L'étude corrélationnelle menée par deux
chercheuses américaines, Moser et Dracup (1995), auprès de 76
patients démontre qu'après l'événement
épileptique, la perception d'un sens élevé de
contrôle des événements est un facteur prédictif du
rétablissement psychosocial (Moser & Dracup, 1995). Par ailleurs, la
croyance en son efficacité personnelle détermine la somme des
efforts que la personne est prête à fournir pour maintenir un
comportement favorable à la santé malgré, les
difficultés qu'elle éprouve inévitablement (Gasse&
Guay, 1997). En effet, selon une étude sur la réduction du risque
des crises épileptiques, l'approche des soins de santé qui
renforce la confiance des personnes dans leurs capacités est pertinente
pour l'adoption de nouveaux comportements de santé (Houston, Miller,
& Taylor, 1995), surtout pour les comportements qui concernent
l'alimentation, les exercices physiques des personnes épileptiques et
leur consommation de tabac (Rees, 1995).
Ces résultats correspondent à la
définition de la motivation qui est basée sur la croyance en sa
propre capacité d'influencer sa santé (F.Allen & Warner,
2002; Ford-Gilboe, 2002a; Gottlieb & Rowat, 1987).
d) Les apprentissages
développés
Les stratégies et les efforts fournis pour faire face
aux défis soulevés par expérience de la crise
épileptique amènent la personne atteinte à acquérir
de nouvelles compétences relatives aux apprentissages qu'elle a faits.

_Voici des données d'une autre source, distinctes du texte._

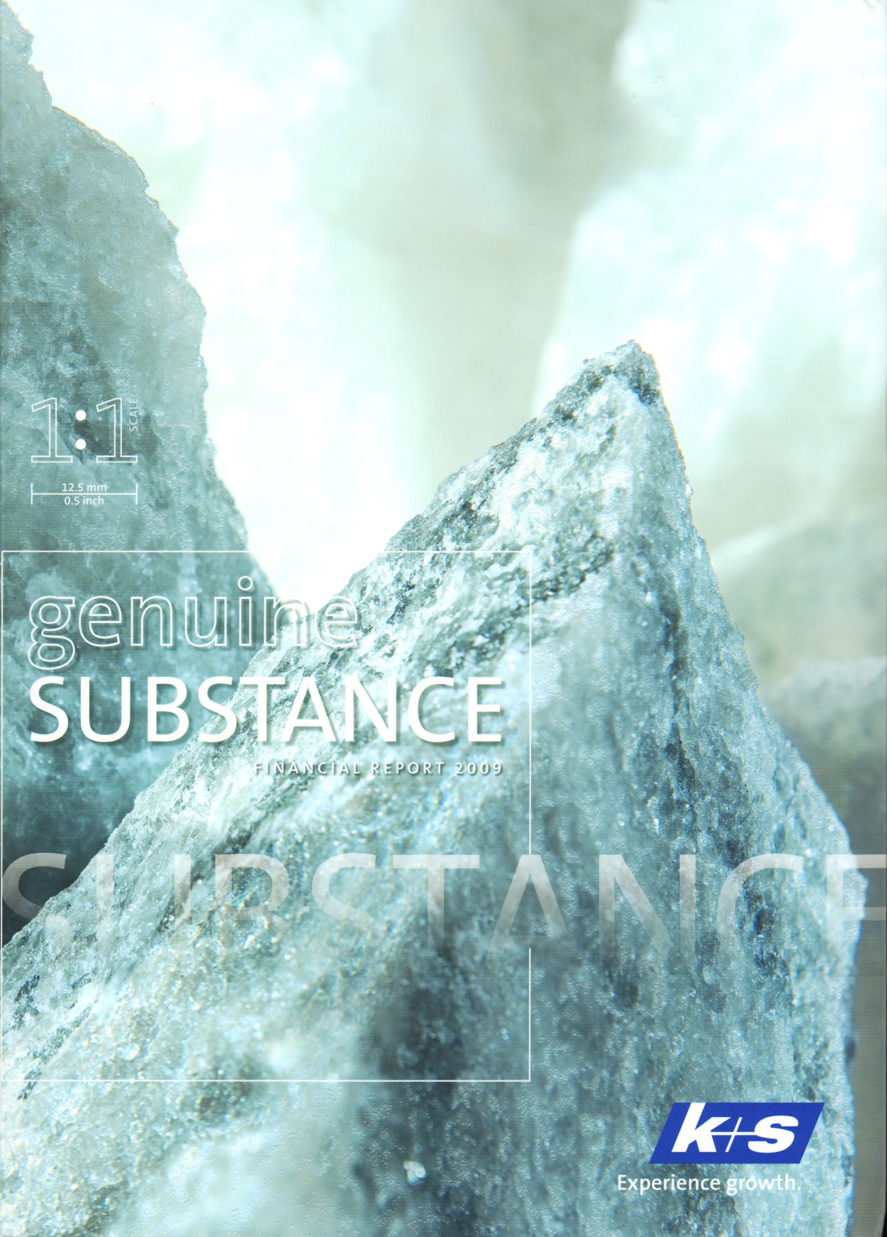 Entry Highlights: View Competition Class Performance | Company/Agency Name: | K+S AG  / Red Cell Werbeagentur GmbH | | Company/Agency Web Site: | www.k-plus-s.com / www.redcell.de | | Company Ticker Symbol: | DE000716200 | | Project Name: | "Genuine Substance" | | Competition Category: | Print: Annual Report | | Annual Revenue: | $1+ billion | | Employee Base: | 10,000+ Employees | | Award Garnered: | Gold | | Top 100 Rank: | 12 | | | | Judging Results | | First Impression: | | | Overall Narrative: | | | Overall Visual Design: | | | Creativity: | | | Message Clarity: | | | Perceived Relevance: | | | Total Score: | |

D'après l'étude de Bergman et Berterô (2003), les
participants mentionnent avoir acquis de nouvelles compétences
découlant de l'apprentissage selon lequel il est important de prendre le
temps et de profiter de ce temps, surtout après avoir pris conscience du
caractère éphémère de la vie. Ils acquièrent
la volonté et l'intention de prendre les choses en main et de ne plus se
précipiter. Les pensées et les projets d'avenir sont
définis dans le court terme et ils valorisent les petites choses de la
vie. La patience nécessaire pour effectuer les changements et pour les
maintenir prendra toute son importance. Les participants expriment surtout
avoir pris conscience du fait qu'ils sont les mieux placés pour assumer
la responsabilité de leur propre vie, pour avoir la capacité et
l'autonomie en vue de décider de la qualité de cette vie et
peut-être même d'en prolonger la durée.
Walton (1999) évoque le développement de la foi,
le don de soi et la découverte spirituelle de sens et de but à la
suite d'une crise épileptique. Il décrit cinq phases de cette
découverte, qui ne sont pas nécessairement en ordre: 1) faire
face à la mort et sentir la peur et le trouble ou l'agitation, 2) se
débarrasser de ces sentiments par un travail d'introspection tout en se
faisant confiance, et en faisant confiance aux traitements, aux soins de
santé fournis et surtout à Dieu, 3) changer de style de vie,
physiquement et psychologiquement, à la recherche d'un équilibre
par exemple en suivant une diète, en arrêtant de fumer, en
pratiquant des exercices, en devenant plus généreux,
tolérant et attentionné, 4) chercher un but divin à
travers l'introspection, la réflexion et la prière et 5)trouver
une signification à la vie quotidienne.
D'après Jensen et Petersson (2002), la personne se dit
plus compétente à reconnaître les symptômes des
crises épileptiques, à les interpréter et à prendre
la décision de consulter. Cette compétence concerne aussi la
conjointe ou le conjoint.
Au-delà des apprentissages développés,
les écrits démontrent que les personnes atteintes de
l'épilepsie évoquent des changements positifs au sein de la
famille. Ces changements sont le rapprochement, l'amélioration de la
communication entre les différents membres, la concentration sur le
moment présent et des attentes positives pour le futur. Selon la
réaction familiale, elles peuvent percevoir un sentiment chaleureux de
solidarité, de force et d'amour (Jensen & Petersson, 2002; Tapp,
1995). Même un comportement de surprotection, peut parfois augmenter
l'estime de soi de la personne (Riegel & Dracup, 1992).